- [ACTION ITEM] What you return should be the complete listing, unchanged, with no pictures in it.

[DATA SUPPLIED — start]

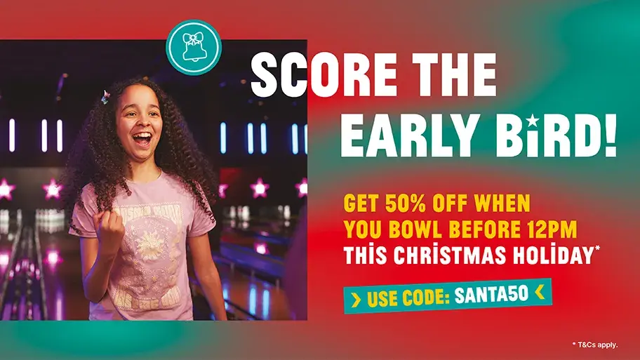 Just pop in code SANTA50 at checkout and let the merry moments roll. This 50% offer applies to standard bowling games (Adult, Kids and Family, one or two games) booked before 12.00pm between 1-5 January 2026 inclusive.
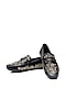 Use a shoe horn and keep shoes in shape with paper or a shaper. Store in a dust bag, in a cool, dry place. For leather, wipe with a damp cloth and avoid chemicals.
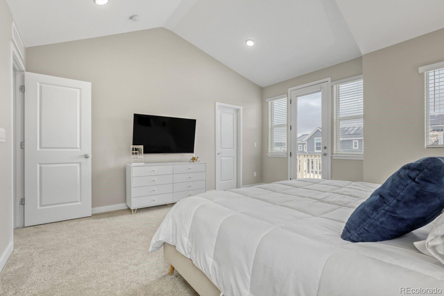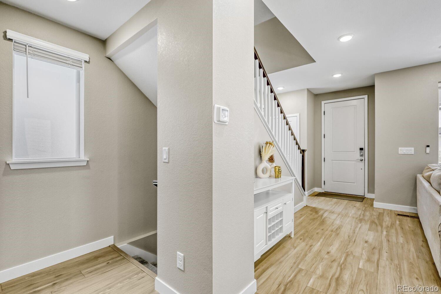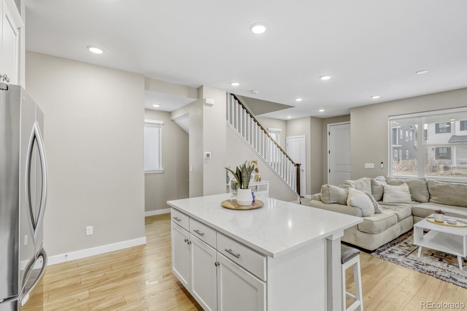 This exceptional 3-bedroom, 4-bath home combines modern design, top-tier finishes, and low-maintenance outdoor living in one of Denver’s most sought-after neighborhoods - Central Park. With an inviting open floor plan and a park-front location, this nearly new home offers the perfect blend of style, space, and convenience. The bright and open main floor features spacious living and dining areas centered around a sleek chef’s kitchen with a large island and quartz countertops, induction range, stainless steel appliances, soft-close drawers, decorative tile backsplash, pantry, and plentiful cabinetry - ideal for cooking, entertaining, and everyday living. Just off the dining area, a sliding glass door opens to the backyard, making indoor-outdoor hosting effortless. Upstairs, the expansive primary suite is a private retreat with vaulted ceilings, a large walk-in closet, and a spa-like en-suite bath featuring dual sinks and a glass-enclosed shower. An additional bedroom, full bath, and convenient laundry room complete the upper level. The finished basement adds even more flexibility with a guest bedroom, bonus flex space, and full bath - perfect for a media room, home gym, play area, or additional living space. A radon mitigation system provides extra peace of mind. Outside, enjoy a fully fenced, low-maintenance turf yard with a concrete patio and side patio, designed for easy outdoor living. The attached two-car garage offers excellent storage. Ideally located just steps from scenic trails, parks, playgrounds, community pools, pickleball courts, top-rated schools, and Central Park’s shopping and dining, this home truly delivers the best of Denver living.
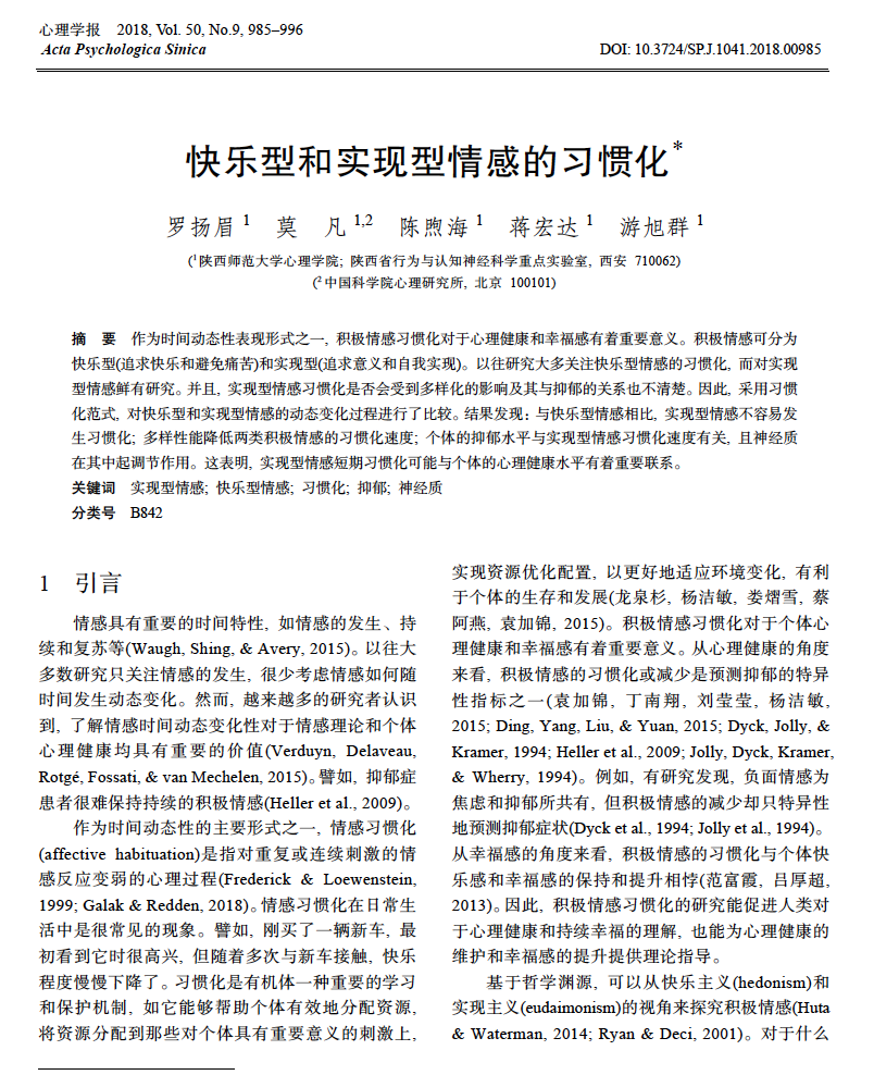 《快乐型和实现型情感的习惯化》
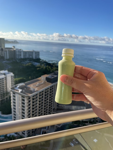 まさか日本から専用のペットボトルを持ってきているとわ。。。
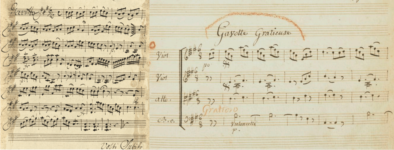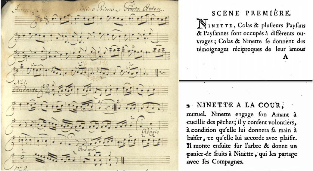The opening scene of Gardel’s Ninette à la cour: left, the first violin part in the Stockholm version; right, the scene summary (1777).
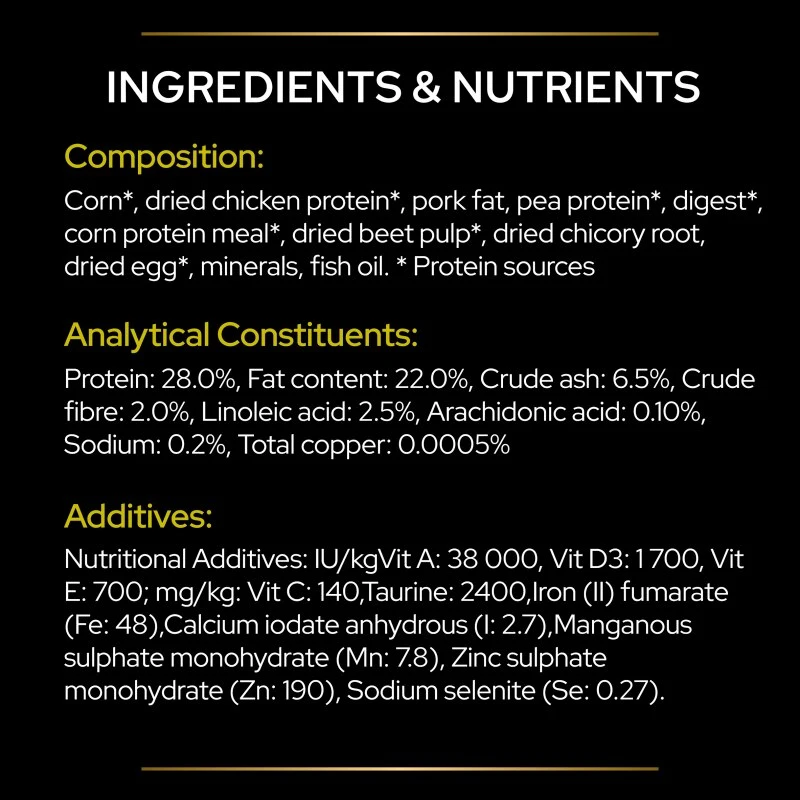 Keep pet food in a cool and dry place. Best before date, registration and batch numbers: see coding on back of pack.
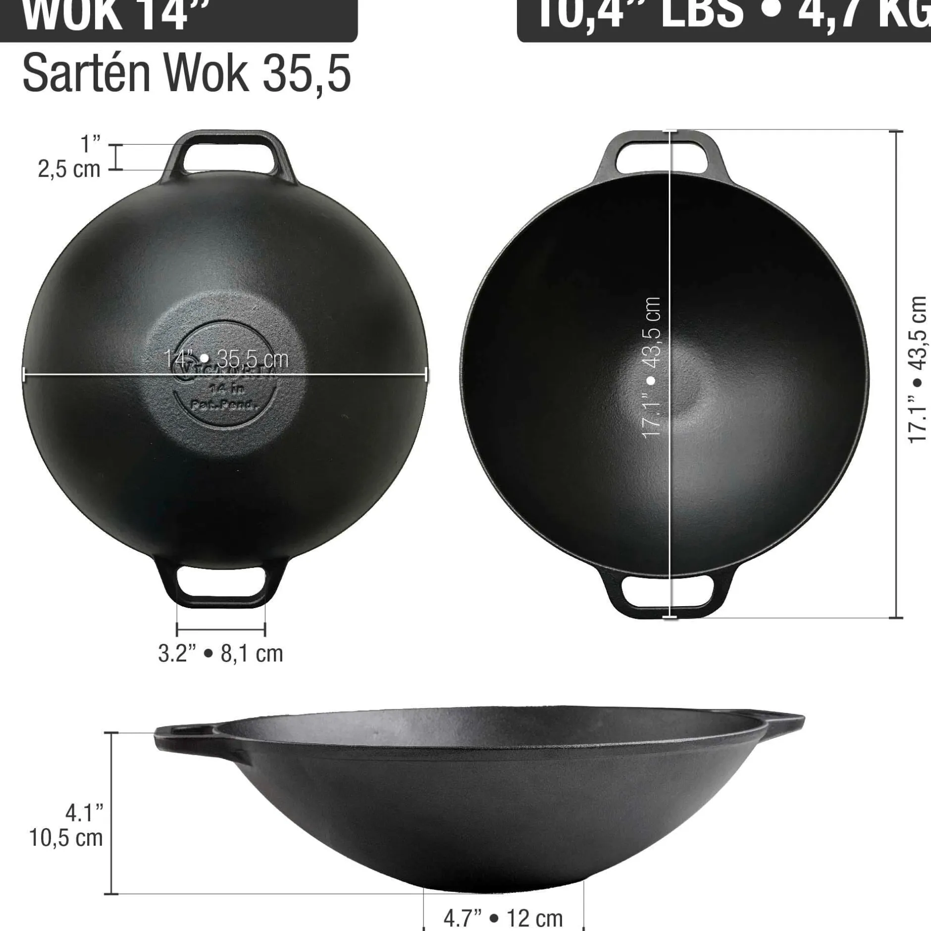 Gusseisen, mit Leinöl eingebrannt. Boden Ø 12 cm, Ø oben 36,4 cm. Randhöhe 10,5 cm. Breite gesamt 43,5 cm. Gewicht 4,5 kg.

[DATA SUPPLIED — finish]

- [SOLUTION FOR THIS EXERCISE]
 Just pop in code SANTA50 at checkout and let the merry moments roll. This 50% offer applies to standard bowling games (Adult, Kids and Family, one or two games) booked before 12.00pm between 1-5 January 2026 inclusive.
 Use a shoe horn and keep shoes in shape with paper or a shaper. Store in a dust bag, in a cool, dry place. For leather, wipe with a damp cloth and avoid chemicals.
 This exceptional 3-bedroom, 4-bath home combines modern design, top-tier finishes, and low-maintenance outdoor living in one of Denver’s most sought-after neighborhoods - Central Park. With an inviting open floor plan and a park-front location, this nearly new home offers the perfect blend of style, space, and convenience. The bright and open main floor features spacious living and dining areas centered around a sleek chef’s kitchen with a large island and quartz countertops, induction range, stainless steel appliances, soft-close drawers, decorative tile backsplash, pantry, and plentiful cabinetry - ideal for cooking, entertaining, and everyday living. Just off the dining area, a sliding glass door opens to the backyard, making indoor-outdoor hosting effortless. Upstairs, the expansive primary suite is a private retreat with vaulted ceilings, a large walk-in closet, and a spa-like en-suite bath featuring dual sinks and a glass-enclosed shower. An additional bedroom, full bath, and convenient laundry room complete the upper level. The finished basement adds even more flexibility with a guest bedroom, bonus flex space, and full bath - perfect for a media room, home gym, play area, or additional living space. A radon mitigation system provides extra peace of mind. Outside, enjoy a fully fenced, low-maintenance turf yard with a concrete patio and side patio, designed for easy outdoor living. The attached two-car garage offers excellent storage. Ideally located just steps from scenic trails, parks, playgrounds, community pools, pickleball courts, top-rated schools, and Central Park’s shopping and dining, this home truly delivers the best of Denver living.
 《快乐型和实现型情感的习惯化》
 まさか日本から専用のペットボトルを持ってきているとわ。。。
The opening scene of Gardel’s Ninette à la cour: left, the first violin part in the Stockholm version; right, the scene summary (1777).
 Keep pet food in a cool and dry place. Best before date, registration and batch numbers: see coding on back of pack.
 Gusseisen, mit Leinöl eingebrannt. Boden Ø 12 cm, Ø oben 36,4 cm. Randhöhe 10,5 cm. Breite gesamt 43,5 cm. Gewicht 4,5 kg.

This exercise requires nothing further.